CyberGym
A benchmark that tests AI agents on their ability to find previously-discovered vulnerabilities in real open-source software projects, referred to as targeted vulnerability reproduction.
Overview
- Tests against 1,507 tasks drawn from real open-source projects
- Given a high-level description of a weakness, the model must reproduce the vulnerability
- Scored as pass@1 (aggregate over the full suite, one attempt per task)

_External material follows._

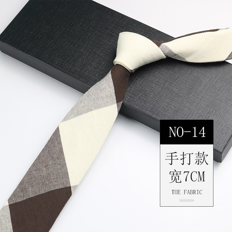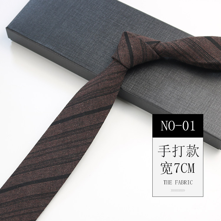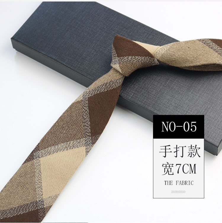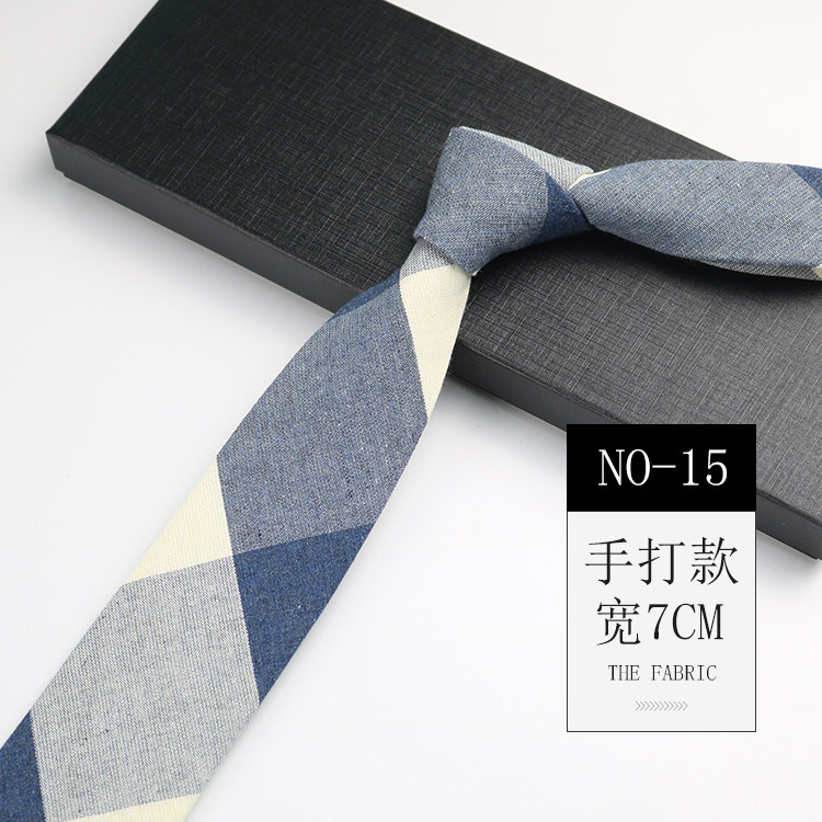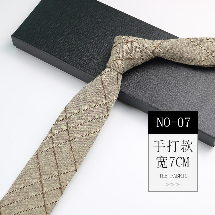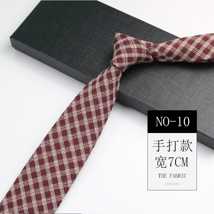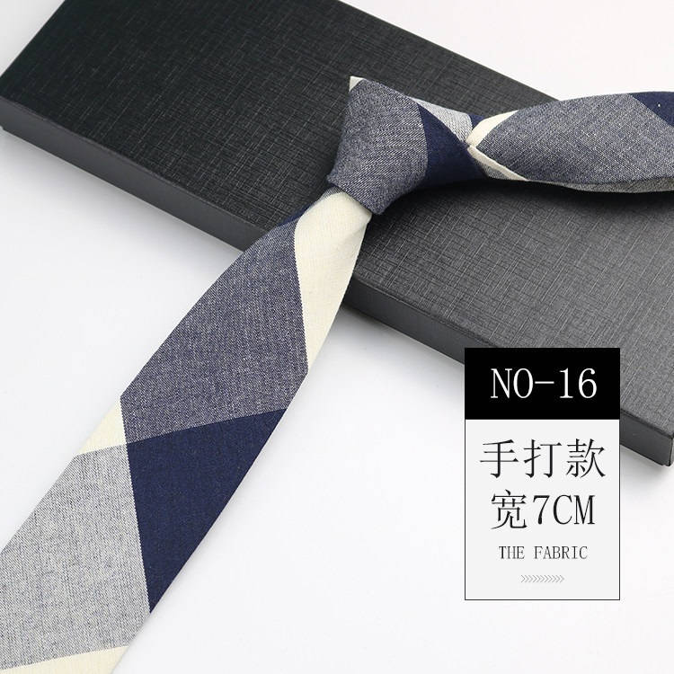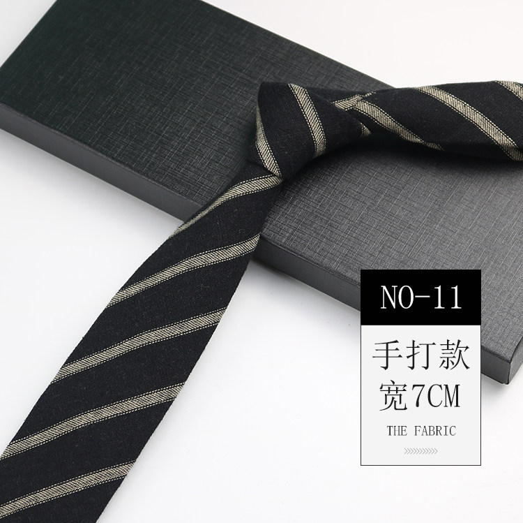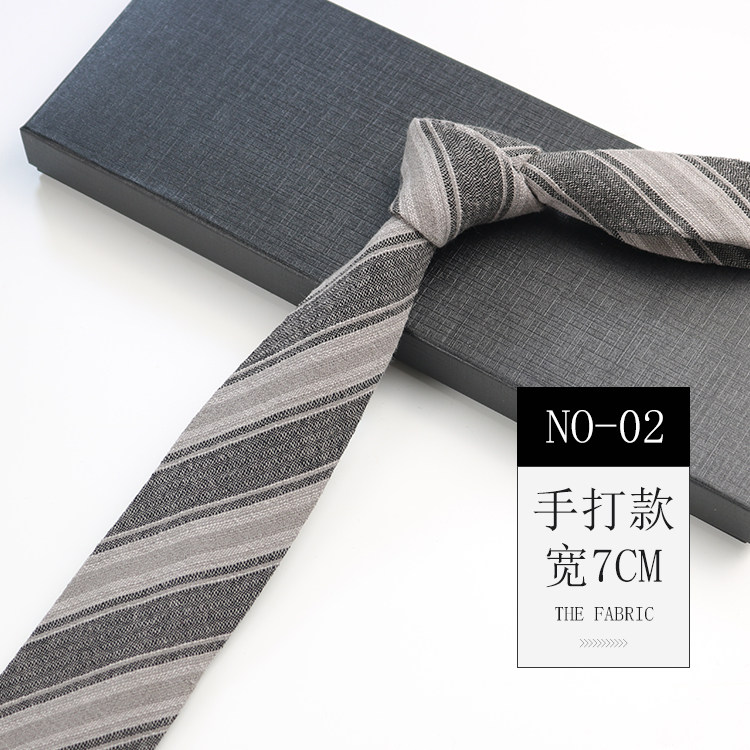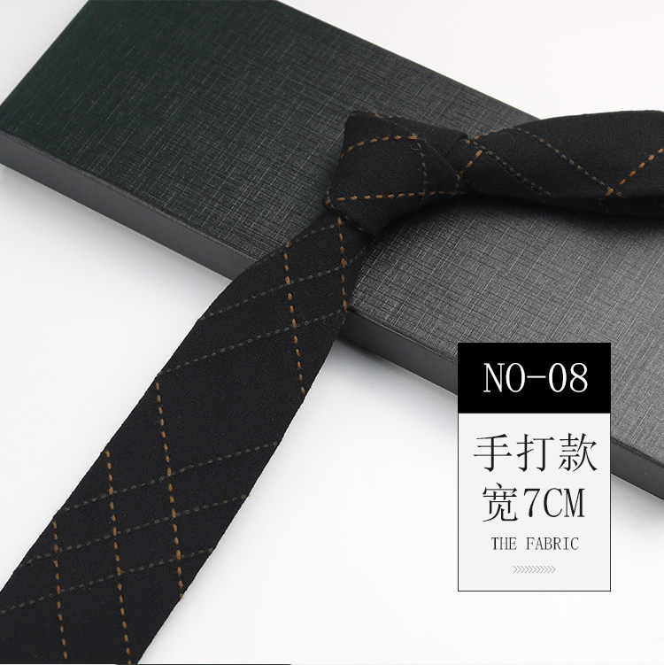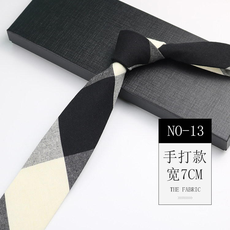 Men's Tie Korean Style Retro British 7cm Narrow Black and Gray Striped Plaid Shirt Student Preppy Style Hand-Tied Tie

- Paper: Wang, Z., et al. (2025). CyberGym: Evaluating AI agents’ cybersecurity capabilities with real-world vulnerabilities at scale. arXiv:2506.02548
Results on Claude Models
| Model | Score |
|---|---|
| Claude Opus 4.5 | 0.51 |
| Claude Sonnet 4.6 | 0.65 |
| Claude Opus 4.6 | 0.67 |
| Claude Mythos Preview | 0.83 |

Figure 3.3.2.A — CyberGym results, p. 49. Mythos Preview scores 0.83 on targeted vulnerability reproduction, a 16-point jump over Opus 4.6 (0.67).
Significance
Anthropic considers CyberGym, along with real-world code evaluations, to be more reflective of actual model cybersecurity capability than CTF-style benchmarks like Cybench.